=== Begin Enclosure ===
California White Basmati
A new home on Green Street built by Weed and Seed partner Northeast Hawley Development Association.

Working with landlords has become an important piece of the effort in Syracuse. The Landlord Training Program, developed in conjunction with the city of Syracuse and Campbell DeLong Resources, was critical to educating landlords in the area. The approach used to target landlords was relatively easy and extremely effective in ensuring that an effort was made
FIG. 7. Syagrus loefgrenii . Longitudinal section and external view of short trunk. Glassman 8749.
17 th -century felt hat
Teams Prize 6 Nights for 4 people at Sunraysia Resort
=== End Enclosure ===
=== Begin Enclosure ===
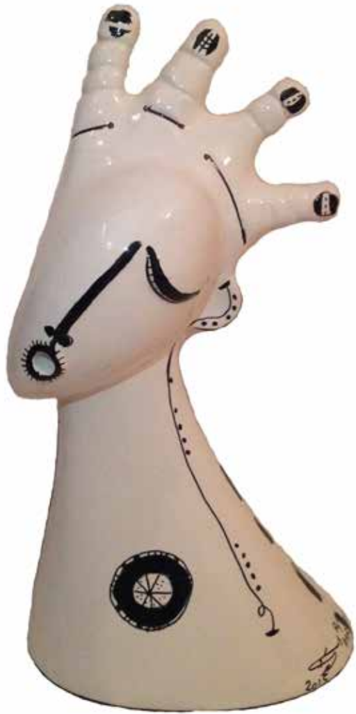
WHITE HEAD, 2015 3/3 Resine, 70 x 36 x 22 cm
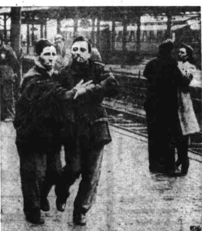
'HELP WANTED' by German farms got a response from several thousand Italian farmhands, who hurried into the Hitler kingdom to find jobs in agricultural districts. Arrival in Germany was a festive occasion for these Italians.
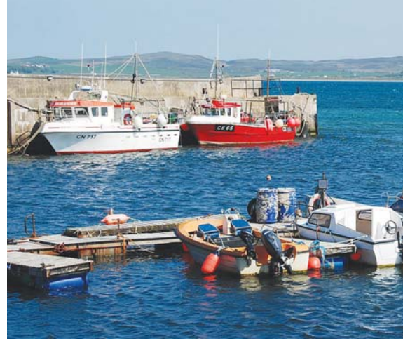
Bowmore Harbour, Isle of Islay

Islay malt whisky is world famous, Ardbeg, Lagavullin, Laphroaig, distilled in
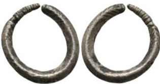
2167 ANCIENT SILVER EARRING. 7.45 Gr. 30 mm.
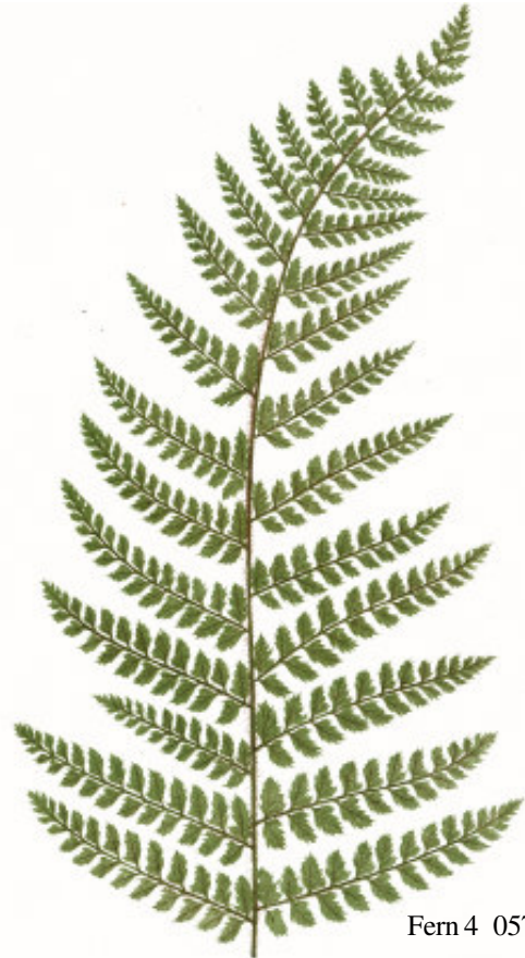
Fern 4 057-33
=== End Enclosure ===
**EXERCISE GOAL**
Your copy should hold only the lines above from the one containing "WHITE HEAD, 2015 3/3 Resine, 70 x 36 x 22 cm" through the one containing "for these Italians.", exactly as written and free of pictures.

**SOLUTION TO THE PROBLEM**
WHITE HEAD, 2015 3/3 Resine, 70 x 36 x 22 cm
'HELP WANTED' by German farms got a response from several thousand Italian farmhands, who hurried into the Hitler kingdom to find jobs in agricultural districts. Arrival in Germany was a festive occasion for these Italians.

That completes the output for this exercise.